Theoretical Investigations on Mechanical Stability and Electronic Structure of NbN under Pressures

2011 ◽  
Vol 90-93 ◽  
pp. 1264-1271
Author(s):  
Xiao Feng Li ◽  
Jun Yi Du
Keyword(s):  
Debye Temperature ◽  
Density Functional ◽  
Mechanical Stability ◽  
Structural Parameters ◽  
Theoretical Data ◽  
Hexagonal Structure ◽  
Functional Theory ◽  
Theoretical Investigations ◽  
Crystallographic Structures ◽  
Good Agreement

The ground structure, elastic and electronic properties of several phases of NbN are determined based on ab initio total-energy calculations within the framework of density functional theory.
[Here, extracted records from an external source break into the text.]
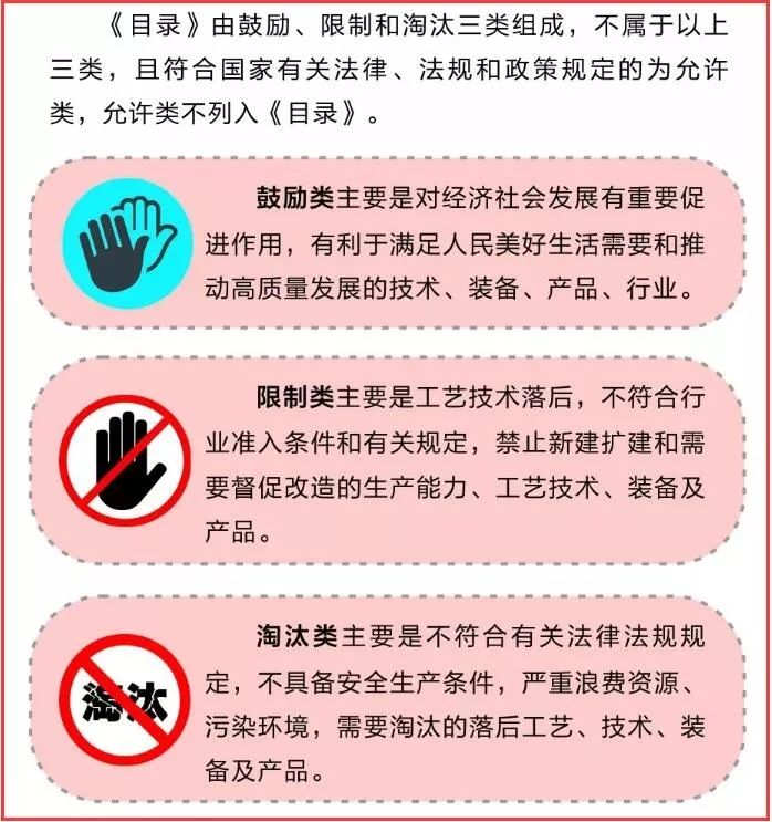目录(2019年本)共涉及行业48个,条目1477条,其中鼓励类821条、限制类215条、淘汰类441条。不属于以上三类,且符合国家有关法律、法规和政策规定的为允许类,不列入《目录》。
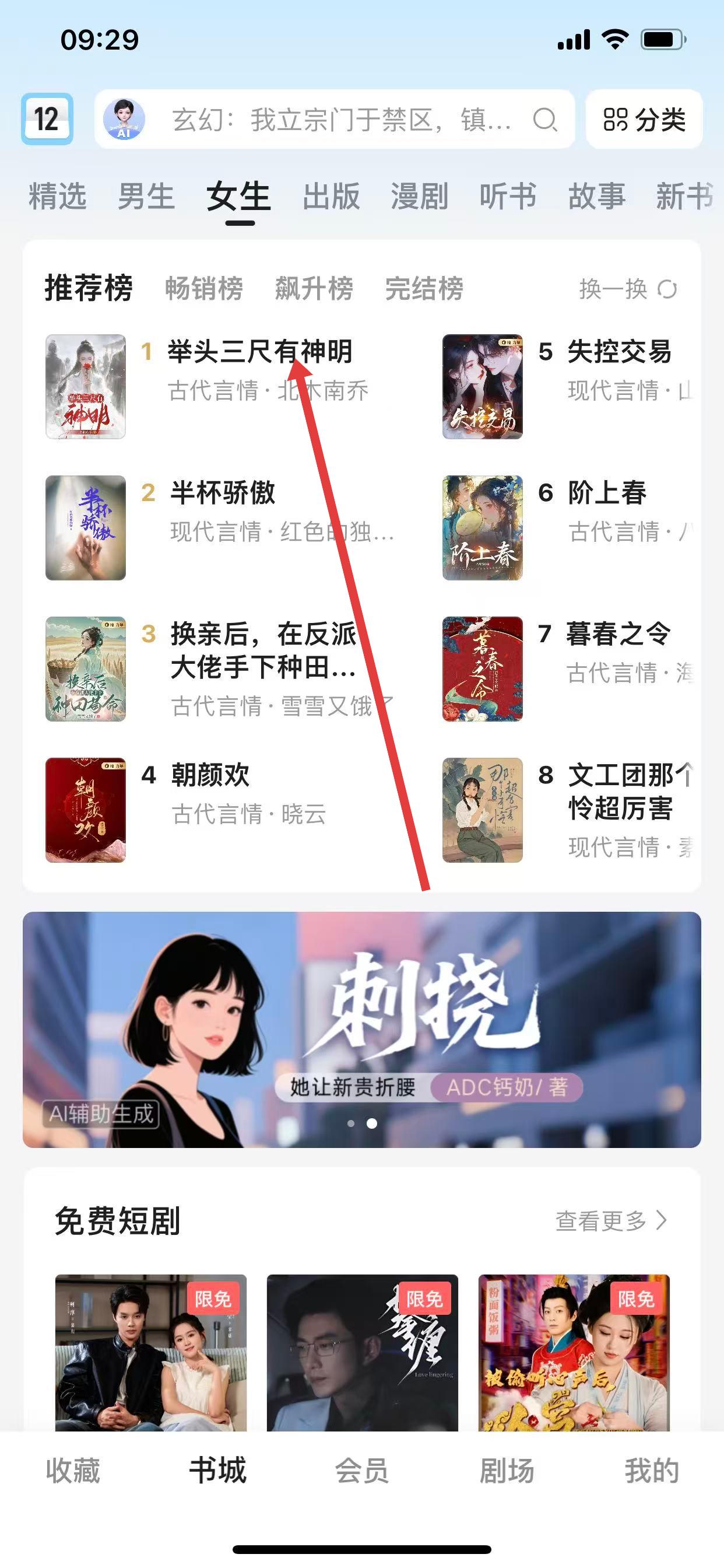 1、在咪咕阅读的书城页面,点击你想要阅读的书籍。
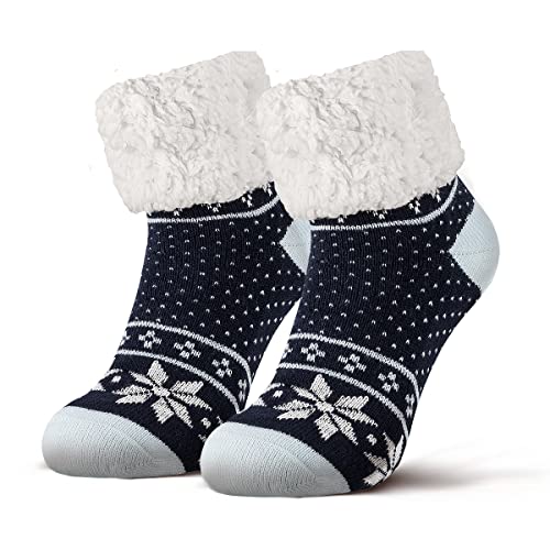 Julstrumpor, älg, varma strumpor, jul, gosiga strumpor, dam, hattstrumpor, julstrumpor med teddyfoder och halkfria noppor, vinterstrumpor för kvinnor och män (mörkblå)
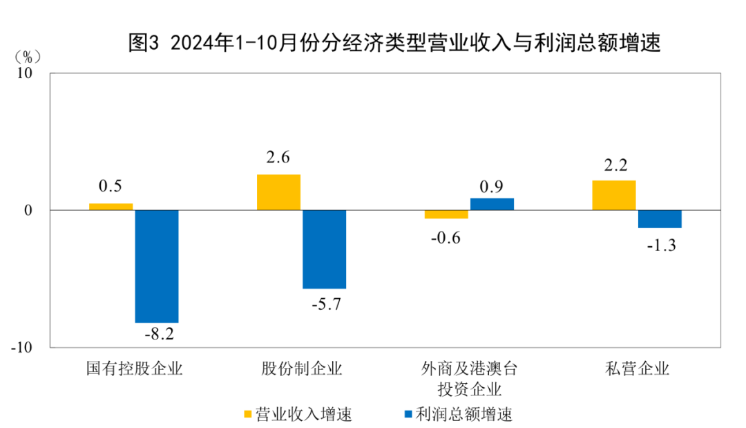 1—10月份,全国规模以上工业企业实现利润总额58680.4亿元,同比下降4.3%(按可比口径计算,详见附注二)。1—10月份,规模以上工业企业中,国有控股企业实现利润总额18530.9亿元,同比下降8.2%;股份制企业实现利润总额43718.5亿元,下降5.7%;外商及港澳台投资企业实现利润总额14559.0亿元,增长0.9%;私营企业实现利润总额16501.7亿元,下降1.3%。1—10月份,采矿业实现利润总额9845.3亿元,同比下降12.7%;制造业实现利润总额42223.1亿元,下降4.2%;电力、热力、燃气及水生产和供应业实现利润总额6612.0亿元,增长11.5%。1—10月份,主要行业利润情况如下:有色金属冶炼和压延加工业利润同比增长40.0%,电力、热力生产和供应业增长13.8%,计算机、通信和其他电子设备制造业增长8.4%,纺织业增长5.3%,农副食品加工业增长2.8%,通用设备制造业下降0.1%,石油和天然气开采业下降1.8%,汽车制造业下降3.2%,电气机械和器材制造业下降5.1%,专用设备制造业下降5.2%,化学原料和化学制品制造业下降7.7%,煤炭开采和洗选业下降23.7%,非金属矿物制品业下降49.6%,石油煤炭及其他燃料加工业、黑色金属冶炼和压延加工业同比由盈转亏。1—10月份,规模以上工业企业实现营业收入110.96万亿元,同比增长1.9%;发生营业成本94.75万亿元,增长2.3%;营业收入利润率为5.29%,同比下降0.34个百分点。10月末,规模以上工业企业资产总计176.74万亿元,同比增长4.6%;负债合计102.01万亿元,增长4.5%;所有者权益合计74.73万亿元,增长4.9%;资产负债率为57.7%,同比下降0.1个百分点。10月末,规模以上工业企业应收账款26.33万亿元,同比增长7.8%;产成品存货6.53万亿元,增长3.9%。1—10月份,规模以上工业企业每百元营业收入中的成本为85.39元,同比增加0.32元;每百元营业收入中的费用为8.42元,同比增加0.06元。10月末,规模以上工业企业每百元资产实现的营业收入为77.3元,同比减少2.7元;人均营业收入为182.4万元,同比增加6.6万元;产成品存货周转天数为20.0天,同比增加0.2天;应收账款平均回收期为66.7天,同比增加3.9天。10月份,规模以上工业企业利润同比下降10.0%。

Among the five crystallographic structures that have been investigated, the hexagonal phases have been found to be more stable than the cubic ones. The calculated equilibrium structural parameters are in good agreement with the available experimental results. The elastic constants of five structures in NbN are calculated, which are in consistent with the obtained theoretical and experimental data. The corresponding Debye temperature and elastic ansitropies are also obtained. The Debye temperature of NbN in various structures consistent with available experimental and theoretical data, in which the Debye temperature of δ-NbN is highest. The anisotropies of ZB-NbN, NaCl-NbN, CsCl-NbN gradually increases. For hexagonal structure, the anisotropies of ε-NbN are stronger than that of δ-NbN. The electronic structures of NbN under pressure are investigated. It is found that NbN have metallization and the hybridizations of atoms in NbN under pressure become stronger.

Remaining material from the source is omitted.